- [WHAT NEEDS TO BE DONE]: Exactly the lines from the line with "経年劣化で汚れやひび割れが目" through the final line of the records below, both ends included, are to be set down. Do not include pictures.

(Data excerpts)
________________________________________

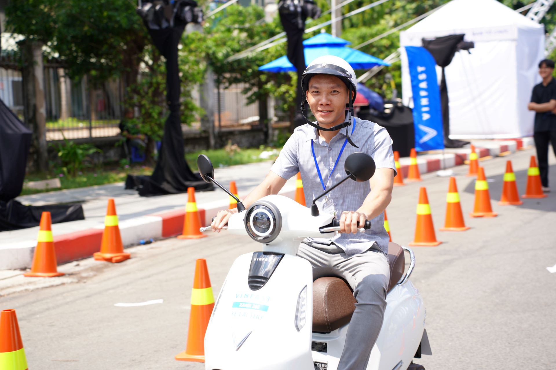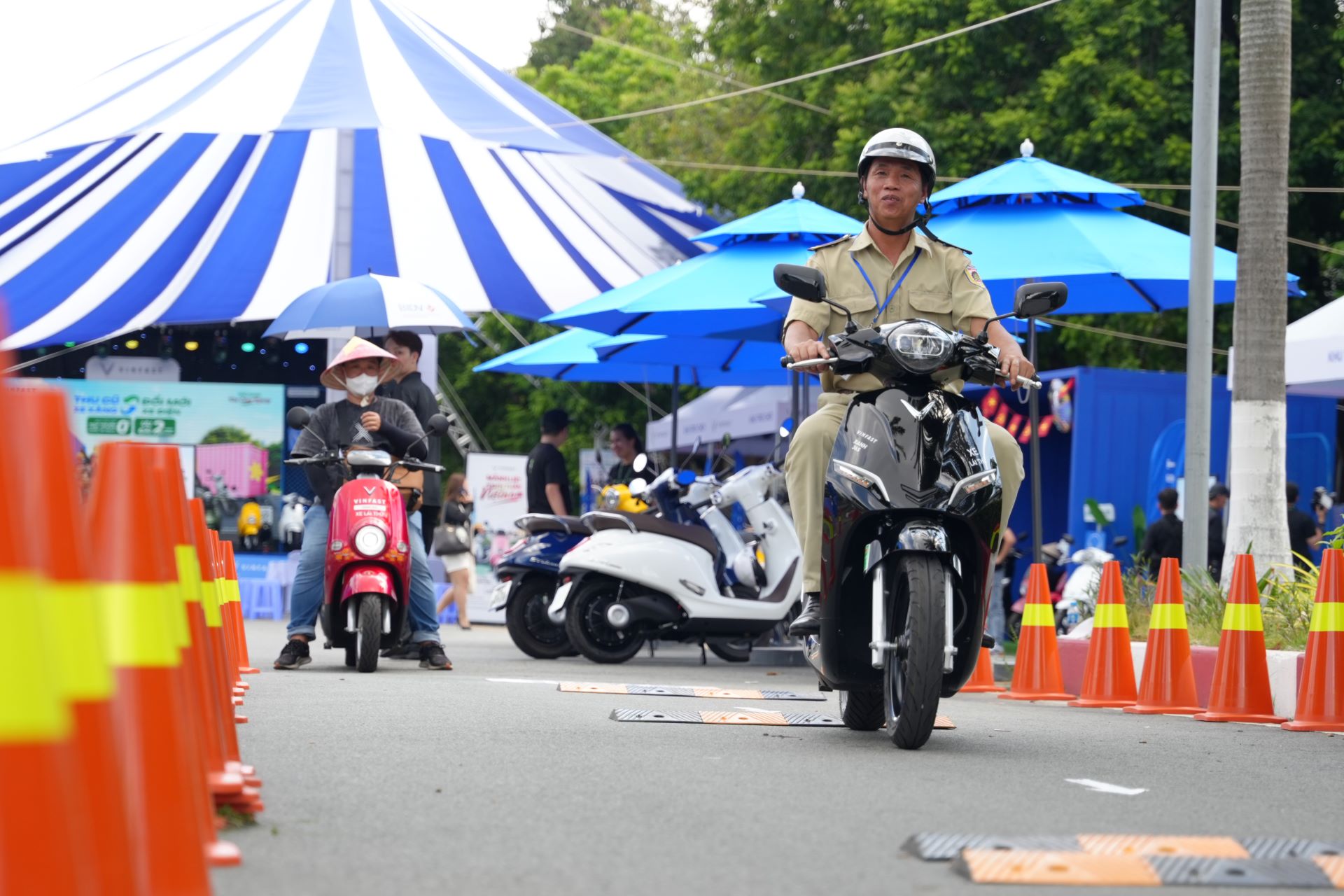 Hàng trăm khách tham dự đã hào hứng đăng ký trải nghiệm thực tế các mẫu xe máy điện mới nhất của VinFast như Evo Neo, Feliz Neo, Motio… tạo nên không khí vô cùng náo nhiệt. Đặc biệt, khu vực lái thử thiết kế mô phỏng đường chạy zigzag với gờ giảm tốc giúp người dùng cảm nhận trọn vẹn khả năng vận hành ổn định, linh hoạt của xe điện VinFast trong điều kiện thực tế.
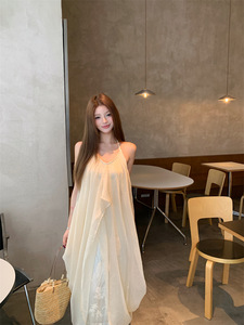 新中式复古V领挂脖吊带连衣裙女夏季不规则设计感小众气质长裙子
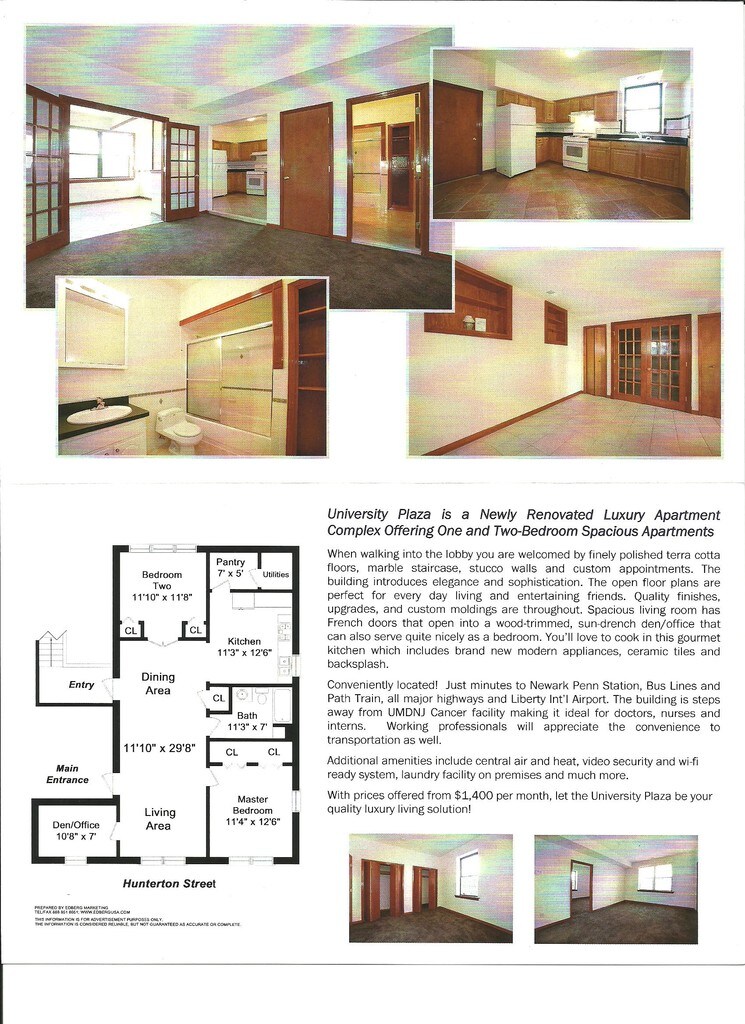 Would you like to live close to New York City for half the price? Newark is New York’s backyard, where our complex is located. We are located across from Rutgers Medical and Dental School and our complex is a few blocks away from Newark Penn Station. You could be in NYC within 15 to 20 minutes. We also have a major new Shopping Center a few blocks away for numerous shopping stores. All apartments are equipped with central air and heat, stone kitchen floors, deco-stain wood trim, and kitchen pantry. Floors are either hardwood or carpeted. Our building also has its own laundry facility and property is well secured. If you desire to be close to NYC in a cost efficient way (Either Work or Leisure)give us a call. Just minutes access to NJ Turnpike, Route 78, I-280 and NJ Parkway and public transportation. New Yorkers ,professionals and graduated students in need of quality housing opportunity should inquire regarding our 2 bedroom units,and studio units. Give us a call and you will find our units very attractive and well priced. Limited supply available (973-876-8087)
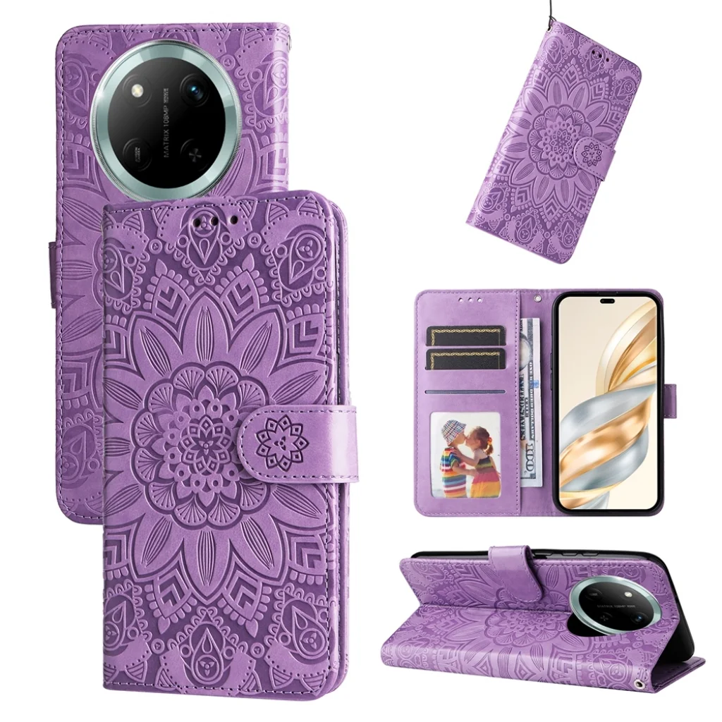 Honor Magic 7 Lite napraforgó mintás dombornyomott fliptok – lila
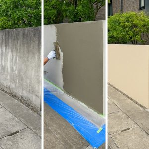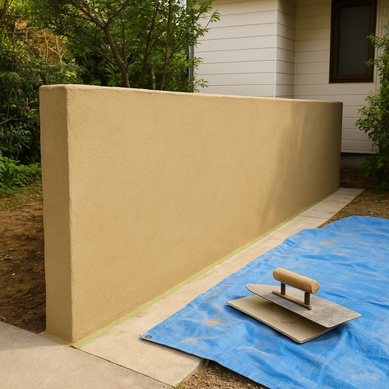 経年劣化で汚れやひび割れが目立っていた外構フェンスを、左官仕上げで再生しました。落ち着いた色調の仕上げにより住宅全体の印象が明るくなり、耐候性も向上しました。左官材料の特性を活かし、手仕事ならではの温かみある外観を実現しました。
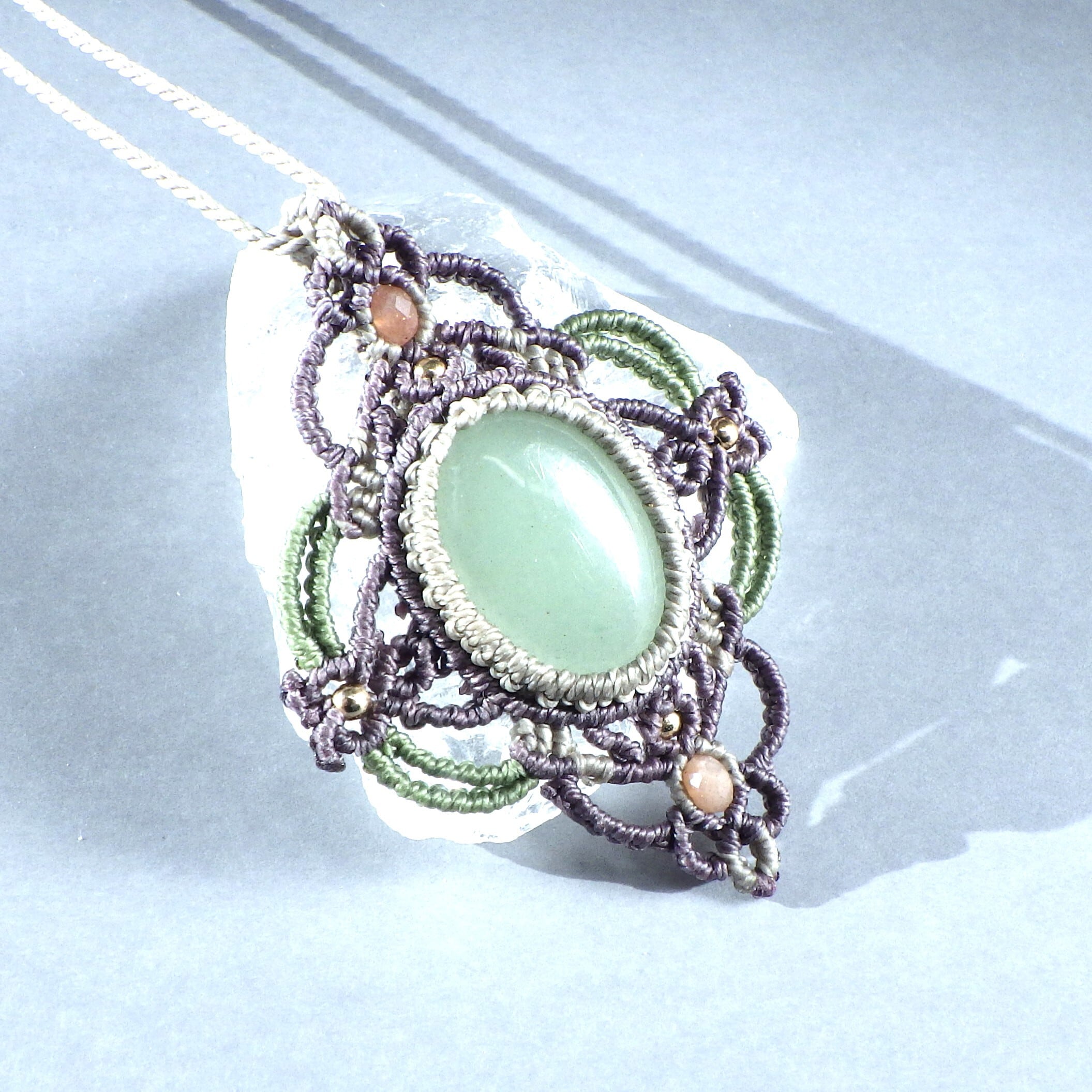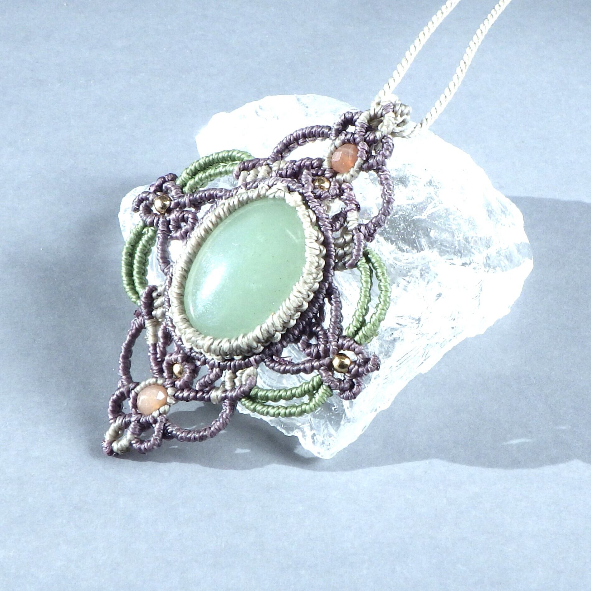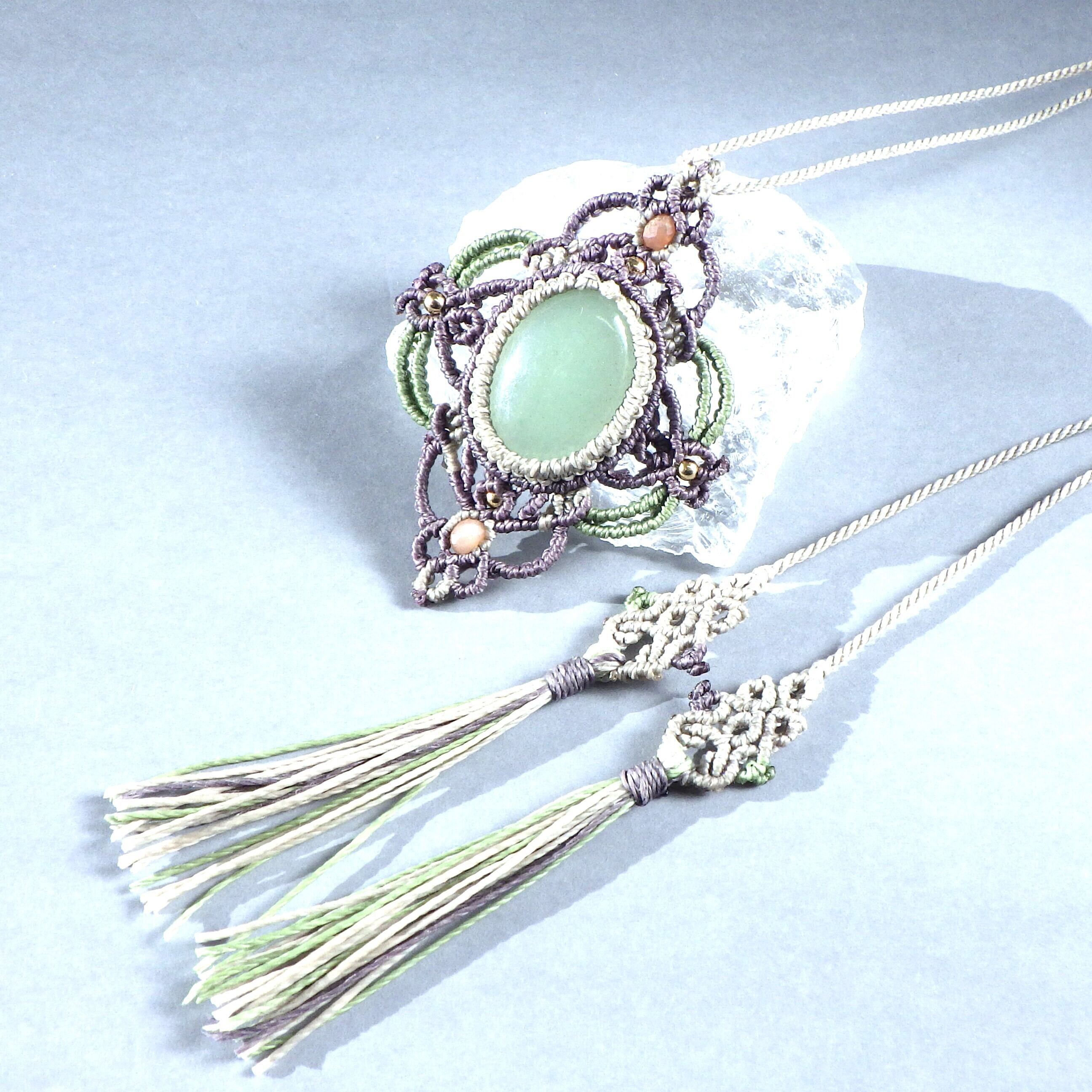 艶やかなグリーンアベンチュリンを3色のコードで装飾フレーミングしたペンダントネックレスです。

________________________________________

- [ANSWER SECTION]:
 経年劣化で汚れやひび割れが目立っていた外構フェンスを、左官仕上げで再生しました。落ち着いた色調の仕上げにより住宅全体の印象が明るくなり、耐候性も向上しました。左官材料の特性を活かし、手仕事ならではの温かみある外観を実現しました。
 艶やかなグリーンアベンチュリンを3色のコードで装飾フレーミングしたペンダントネックレスです。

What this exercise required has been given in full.